For greater clarity, adjustment to Services or cancellation of an unavailable Service shall not affect the remainder of the Services being provided pursuant to this Agreement and the application of such terms and conditions to the remainder of the Services shall not be affected and, Customer shall have no right to terminate the Agreement based on a claim for a particular Service being adjusted, unavailable or reduced, except as otherwise expressly set out herein. The Customer accepts that any delays in the establishment of domain hosting and e-mail accounts as part of an Internet access package are deemed to be ancillary to that part of the Services which are Internet connection bundled Services and such delays in this process will not defer the initiation of billing for the Services.
Once the Services are activated, Wightman will provide the Customer with the Services for the minimum Term as provided for in the Agreement. Wightman will install the Services up to the Customer's demarcation point as are necessary to connect the Customer's Premises to permit the delivery and performance of the Services. Such equipment shall not, however, include terminal equipment as telephones, computers and related hardware. The Customer agrees that it shall change its terminal equipment upon ten (10) days notice (or less, for urgent or emergency situations) from Wightman if the Customer's equipment or software has caused damage to Wightman equipment or network or is dangerous or interferes with service to others. Wightman may, at its discretion, cancel or refuse to provide Services to the Customer for reasons including:
i. in the event Wightman would incur unusual costs or expenses which the Customer will not pay, for example, for securing rights of way or rights of access, acquiring space in buildings, or for special construction or hardware;
ii. the Customer owes amounts to Wightman that are past due;
iii. the Customer does not provide a security deposit or satisfy alternate security measures when
requested by Wightman;
iv. Wightman has terminated the Services in the past; or Wightman does not provide the requested Service in the Customer's district.

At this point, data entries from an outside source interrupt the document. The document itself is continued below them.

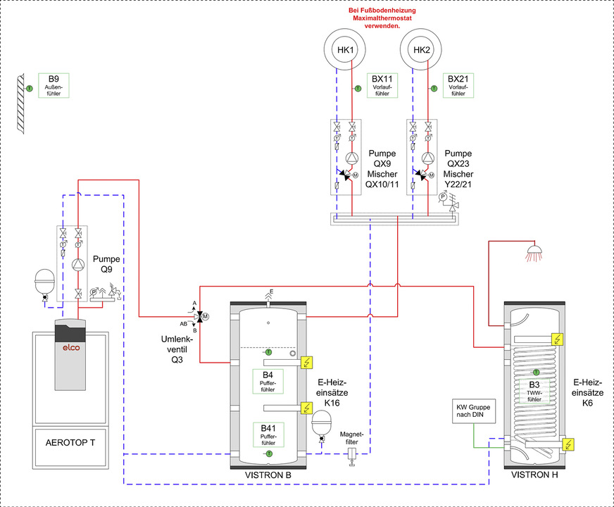 Gegeben ist ein Mehrfamilienhaus mit sechs Wohneinheiten. Drei Wohneinheiten sind für ein Paar, die anderen drei Wohneinheiten für eine dreiköpfige Familie ausgelegt. Jede Wohneinheit verfügt über eine normale sanitäre Ausstattung mit Dusche, keine Schwallbrausen sind verbaut. Die Heizlast wurde mit 15 kW ermittelt, Aufstellort ist 76131 in Karlsruhe. Im Gebäude ist nur Fußbodenheizung verbaut, die Vorlauftemperatur im Auslegungspunkt beträgt 35 °C. Mit dem EVU wurde ein Wärmepumpentarif abgeschlossen und maximal 2 h Sperrdauer am Tag vereinbart. Der Gebäudeeigentümer wünscht eine monovalente Betriebsweise. Monovalent bedeutet, dass die Wärmepumpe der alleinige Wärmeerzeuger ist und die volle Heizleistung bei der entsprechenden Normaußentemperatur erbringt.
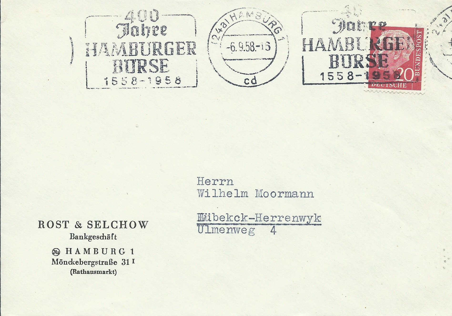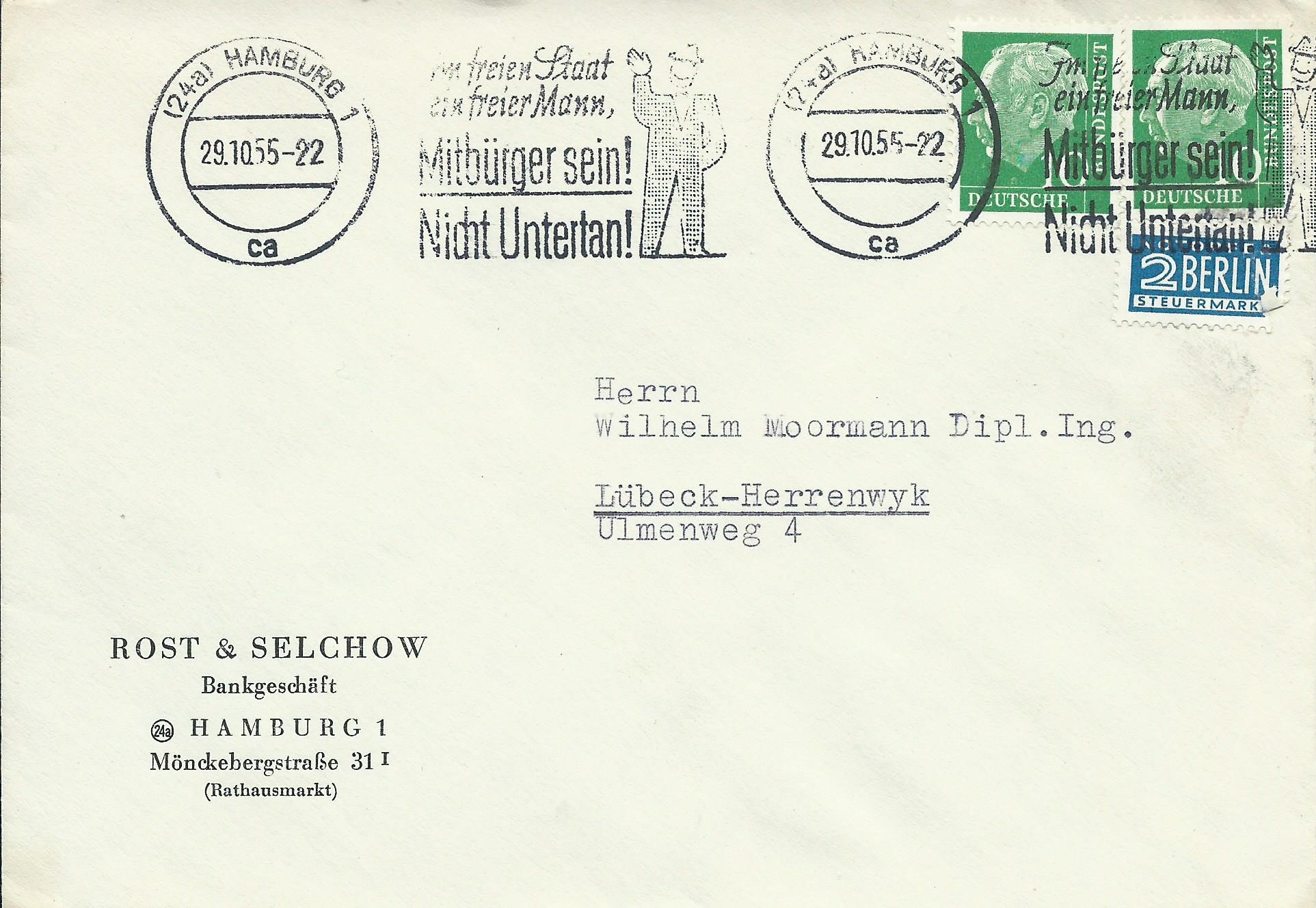 Ein weiser Spruch aus Lübeck am 14.1.63: Am Markenautomaten gewinnt man Zeit in Raten. Damit wollte man die Schalter entlasten, wenn die Kunden nur eine Briefmarke benötigten.
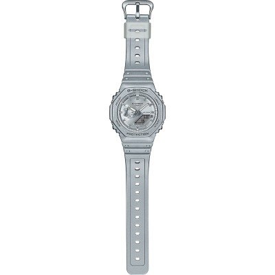 Questo orologio G-Shock ha una cassa in Resina rinforzata con carbonio con un diametro di 45.4 mm ed è dotato di un cinturino in Resina. All'interno della cassa si trova un movimento di Casio e l'orologio è dotato di un cristallo di Minerale.
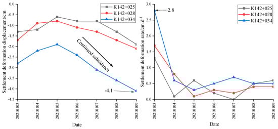 The settlement deformation displacement of each section monitoring point showed a continuous sinking trend, the maximum settlement displacement value was −4.1 cm, and the sinking displacement value was large, indicating that the stability of this section of the slope was poor. The settlement deformation rate was greater than 0 cm.d−1, the maximum deformation rate was 2.8 cm.d−1, and the overall fluctuation in the upper and lower sections was 0.5 cm.d−1, which indicated that the amount of slope settlement would continue to increase.

(d) Reduction, Termination or Cancellation of Service by Wightman - all Services
Wightman may reduce, terminate or suspend the Services at its option exercisable by giving reasonable notice to the Customer including, but not limited to the following circumstances:
(i) If the Customer uses the Services in excess of the amounts which are set for the product ordered by the Customer (including, but not limited to products such as Internet and associated bandwidth, long distance plans etc.);
(ii) if the Customer defaults in the performance of or compliance with any material provision of this Agreement including, without limitation, its obligation to pay the total monthly invoiced charges, as may vary from time to time in accordance with this Agreement, and such breach is not remedied within fifteen (15) days after the Customer has received notice from Wightman of such breach or default;
(iii) provide payment by cheque or other means which is not honoured by the Customer's bank;
(iv) fail to provide interim payments when requested by Wightman;
(v) fail to provide or maintain a reasonable deposit or alternate security when requested to do so by Wightman;
(vi) fail to provide Wightman with reasonable entry and access to install inspect, repair, replace or to perform necessary maintenance on the telecommunications equipment, facilities or network;
(vii) use or permit others to use any of Wightman Services for a purpose or in a manner that is contrary to law (including decisions or orders of the CRTC), or for the purpose of making harassing, threatening, abusive, annoying, offensive, illegal or fraudulent calls;
(viii) charge any other person for the use of Wightman Services without the prior written agreement of Wightman;
(ix) harass, threaten, or otherwise act unreasonably towards Wightman, its employees or agents, including, without limitation, by making numerous unwarranted requests for credits;
(x) alter or otherwise interfere with Wightman facilities or equipment, or fail to replace or modify equipment or facilities which may harm, damage, interfere or pose a danger to or interfere with the service of others, or to Wightman equipment, Services, facilities or network; or
(xi) fail to provide payment for other accounts with Wightman, including amounts owed by the Customer as a guarantor for the account of another;
(xii) If the Customer files or threatens to file a petition in bankruptcy, voluntarily or involuntarily, or become insolvent or reorganize or make any assignment for the benefit of creditors or make any arrangements or otherwise become subject to any proceedings under applicable bankruptcy laws or insolvency laws with a trustee, or receiver appointed in respect of a substantial portion of the assets of the Customer, or in the event the Customer liquidates or winds up its daily operations for any reason whatsoever;
(xiii) If Wightman is compelled or required to discontinue the Services (or any of them) by any relevant authority, or if any licenses, easements, rights-of-way, permits or regulatory authorizations or approvals required by Wightman to permit it to fulfill its obligations in respect of the Services in a lawful manner cannot be obtained or would involve expense to Wightman or are terminated or revoked or expire and are not renewed without expense to Wightman or if the provision of the Services would or are determined to violate any applicable federal, provincial or municipal law, regulation or by-law or would otherwise be unlawful;
(xiv) If Wightman decides to cease to provide the Services to its customers generally, provided that Wightman shall provide the Customer with a minimum of two (2) months' written notice of such termination (unless ordered to discontinue Services in less time by the CRTC or such other authority having jurisdiction over Wightman);
If the Services are terminated as aforesaid, and are subsequently restored to the Customer for the same or new Services, the Customer will be charged a new installation charge and/or administration fee which corresponds to Wightman current standard installation charge. Promotional prices do not apply.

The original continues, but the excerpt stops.